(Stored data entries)
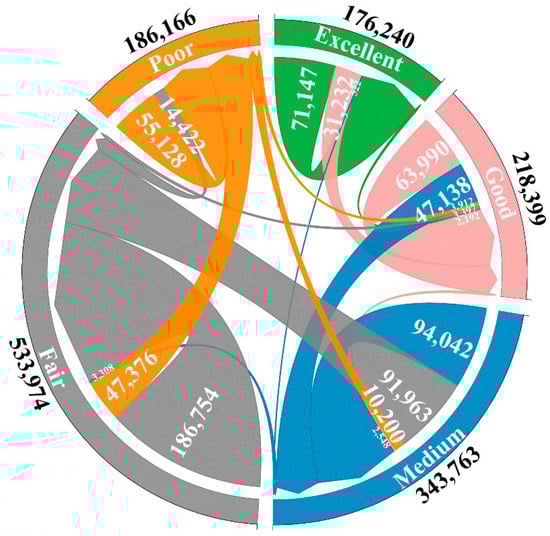 Figure 6a,b indicate an obvious circle structure in the spatial distribution of the VQI in both study years, with the values gradually increasing from the center to the periphery. Meanwhile, we can also see that the fair and poor levels of the VQI areas showed a larger expansion trend within the city from 2000 to 2016. Figure 6c reveals the temporal variation of the VQI between 2000 and 2016. Our calculations revealed that the unchanging area still represented the majority, accounting for 65.5% of the study area; a considerable proportion of the study area was degraded, accounting for 31.4%, while only a small proportion of the study area was improved, accounting for 3.1%. As shown in Figure 8, most of the transitions (93.0%) of the VQI classes occurred between adjacent levels, and only a small number of transitions (7.0%) occurred across multiple levels. The latter mainly occurred in the transformation from a good level of the VQI to fair and poor levels of the VQI, or from a medium level of the VQI to a poor level of the VQI.
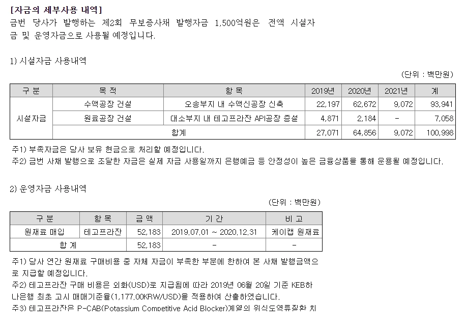 2019년 3분기까지 CJ헬스케어 자산총계는 5,733억 원으로 인수 후 조금 늘었습니다. 다만, 단기금융상품이 706 → 1,572억 원으로 증가한 것 외에는 아직까지는 큰 변화는 안 보입니다. 그런데 부채비율이 137%로 증가했습니다. 원인은 사채가 1,495억 원으로 증가했습니다. 공시 상으로 1,500억 원의 사채가 발행되었으며 이는 수액 및 원료 공장신설 자금으로 사용된다고 합니다.
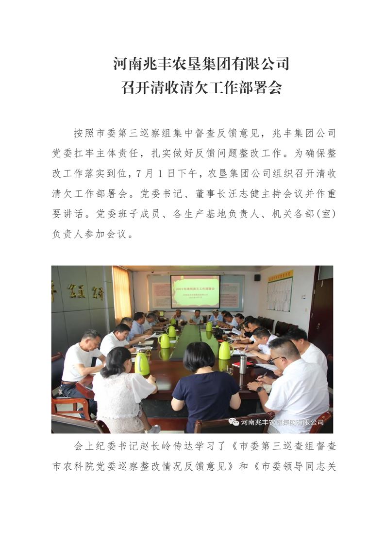 · 河南兆豐農(nóng)墾集團(tuán)有限公司 召開清收清欠工作部署會
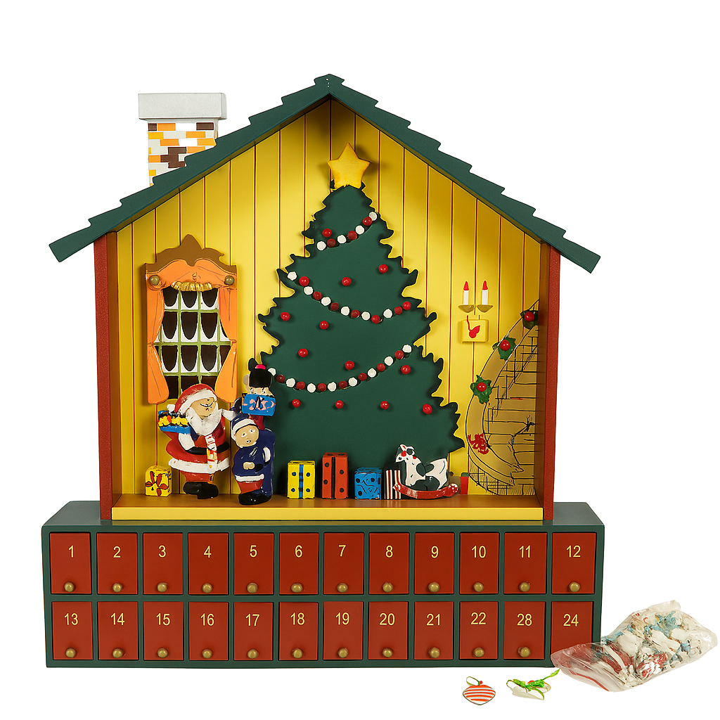 La funzione di calendario dell’Avvento è svolta dai cassettini o finestrelle numerate, solitamente ventiquattro, disposti lungo la facciata della casetta o integrati nelle pareti laterali.
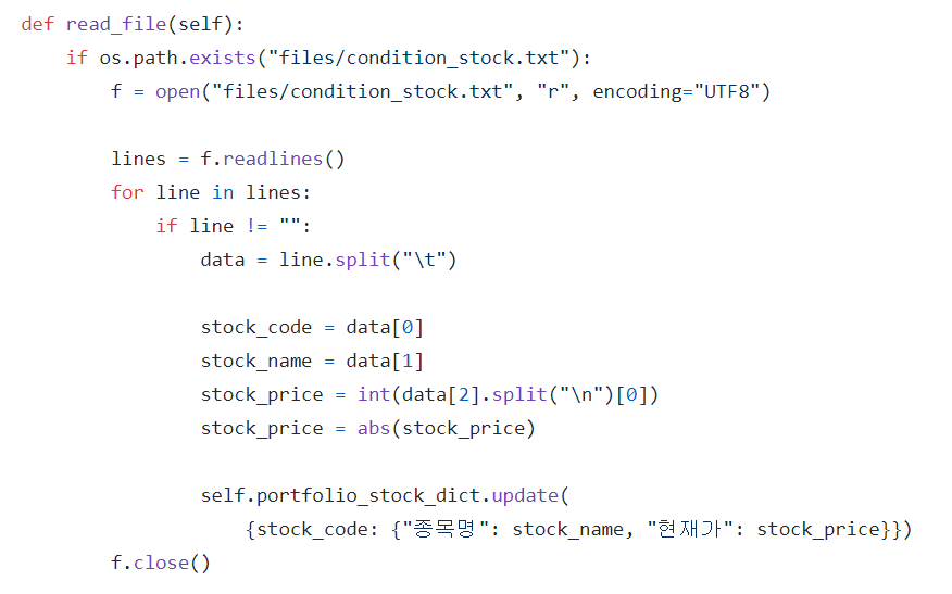 readline() 함수를 이용하여 포트폴리오 파일에 있는 종목을 읽어옵니다. 그리고 이 데이터들을 __init__() 에서 정의한 self.portfolio_stock_dict에 저장하면 됩니다.

What you will do: The data must come back word for word, with every picture removed.

Task answer:
 Figure 6a,b indicate an obvious circle structure in the spatial distribution of the VQI in both study years, with the values gradually increasing from the center to the periphery. Meanwhile, we can also see that the fair and poor levels of the VQI areas showed a larger expansion trend within the city from 2000 to 2016. Figure 6c reveals the temporal variation of the VQI between 2000 and 2016. Our calculations revealed that the unchanging area still represented the majority, accounting for 65.5% of the study area; a considerable proportion of the study area was degraded, accounting for 31.4%, while only a small proportion of the study area was improved, accounting for 3.1%. As shown in Figure 8, most of the transitions (93.0%) of the VQI classes occurred between adjacent levels, and only a small number of transitions (7.0%) occurred across multiple levels. The latter mainly occurred in the transformation from a good level of the VQI to fair and poor levels of the VQI, or from a medium level of the VQI to a poor level of the VQI.
 2019년 3분기까지 CJ헬스케어 자산총계는 5,733억 원으로 인수 후 조금 늘었습니다. 다만, 단기금융상품이 706 → 1,572억 원으로 증가한 것 외에는 아직까지는 큰 변화는 안 보입니다. 그런데 부채비율이 137%로 증가했습니다. 원인은 사채가 1,495억 원으로 증가했습니다. 공시 상으로 1,500억 원의 사채가 발행되었으며 이는 수액 및 원료 공장신설 자금으로 사용된다고 합니다.
 · 河南兆豐農(nóng)墾集團(tuán)有限公司 召開清收清欠工作部署會
 La funzione di calendario dell’Avvento è svolta dai cassettini o finestrelle numerate, solitamente ventiquattro, disposti lungo la facciata della casetta o integrati nelle pareti laterali.
 readline() 함수를 이용하여 포트폴리오 파일에 있는 종목을 읽어옵니다. 그리고 이 데이터들을 __init__() 에서 정의한 self.portfolio_stock_dict에 저장하면 됩니다.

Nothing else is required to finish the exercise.